Now, with polls tightening everywhere and Indiana a virtual dead heat (Clinton leads in some polls there), it appears unlikely that her candidacy will end anytime soon. Instead, questions are growing about how badly Obama will suffer from recent stumbles and his handling of the Wright matter.
Much as Pennsylvania tested the breadth of Clinton's appeal, a narrow Obama victory in North Carolina could be interpreted as a sign of trouble, particularly if the Illinois senator lost Indiana the same day. His ability to win the total popular vote, potentially important in the fight for superdelegates, could hinge on how he does in North Carolina.
"This is not a state that gives anybody landslides," said Ferrel Guillory, director of the Program on Public Life at the University of North Carolina. Obama has "got the potential to have a clean win, but he's not going to blow her out. It will give him the opportunity to proclaim [that] he can win a relatively large state. But she may get enough votes here to continue" her candidacy.
North Carolina recently passed New Jersey to become the nation's 10th most populous state. A bridge between the mid-Atlantic region and the Deep South, it is adding almost 200,000 new residents a year, including upscale retirees and workers drawn to an economy in transition from agriculture and textiles to education, banking and biotechnology.
Many of those moving in "are not tied to the history of North Carolina politics. It makes it a little more problematic to know exactly what they'll be doing" on Election Day, said Thad Beyle, a University of North Carolina political scientist.
Leslie Zanaglio, 46, quit her job as an insurance executive in Columbus, Ohio, and moved to Apex, N.C., not long ago. She said the furor over Obama's pastor makes her wonder "where Obama's judgment was for 20 years."
Obama is "a professor," said Zanaglio, who is backing Clinton "because of her experience and her positions on health care, the economy, handling foreign leaders and bringing the troops home. If she could win this state, then the superdelegates would really begin questioning Obama's strength. I think they're already questioning it."
Maggie Maurer, 34, of Carrboro, an English instructor with a pierced nose who doesn't look much older than her community college students, says that "people my age and younger are afraid to say they're not for Obama."
She's worried that "race is playing more of an issue in the campaign" and that after Wright's latest statements, "people are starting to wonder if there's some sort of black agenda at work. I don't really know what to think. I hesitate to call anyone a racist, but I think if you just put all the pieces together, it makes people nervous."
Gerald D. Bell, who teaches at the University of North Carolina business school, offered unsolicited advice to the Obama campaign when the candidate spent the night at the Carolina Inn the other day.
"What he needs to do is to tell people, 'I love America,'" said Bell, who didn't know that Obama used that phrase in a speech on campus the previous night.

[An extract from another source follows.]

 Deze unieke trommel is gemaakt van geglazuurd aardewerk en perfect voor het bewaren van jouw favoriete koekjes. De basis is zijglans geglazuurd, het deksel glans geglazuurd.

"The psychology of what Reverend Wright has created has transferred almost subliminally to Obama," Bell said. "The most important question for people who are doubting Obama because of Wright is whether [Obama] loves America and whether he loves Americans."

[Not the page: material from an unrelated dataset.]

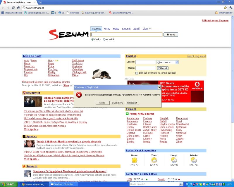 Dobrý den. Nevíte někdo, co znamená, když mi vyjíždí tato chyba? Objeví se vždy čtyřikrát za sebou (musím kliknout čtyřikrát abych to okno odklikl), pak to zmizí a asi za 20 vteřin se to objeví zas. A znovu a znovu....nevím si rady, protože to výrazně omezuje jakoukoliv práci na PC. Z každou radu předem děkuji.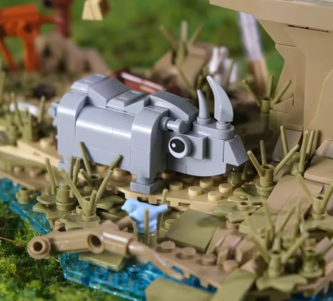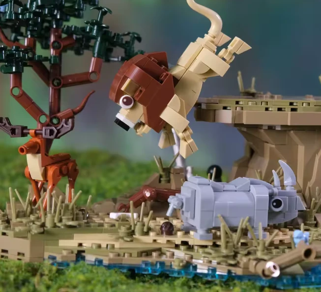 Aż 755 elementów umożliwia zbudowanie szczegółowej makiety z realistycznymi zwierzętami oraz charakterystycznym krajobrazem sawanny.

Much like the bitter contest in South Carolina more than three months ago, the Wright controversy is likely to produce a polarized electorate on primary day, said a senior Obama aide. This time, though, it's not the Clintons who are getting blamed for inflaming racial divisions.
Democratic politicians and analysts in the state expect blacks to cast about one-third of the primary vote. Clinton is wooing them with a new ad that features poet Maya Angelou. But if Obama gets at least 85 percent of the black vote, as he has in recent primaries, Clinton could need as much as two-thirds of the white vote to win, a larger share than she's received in other big states.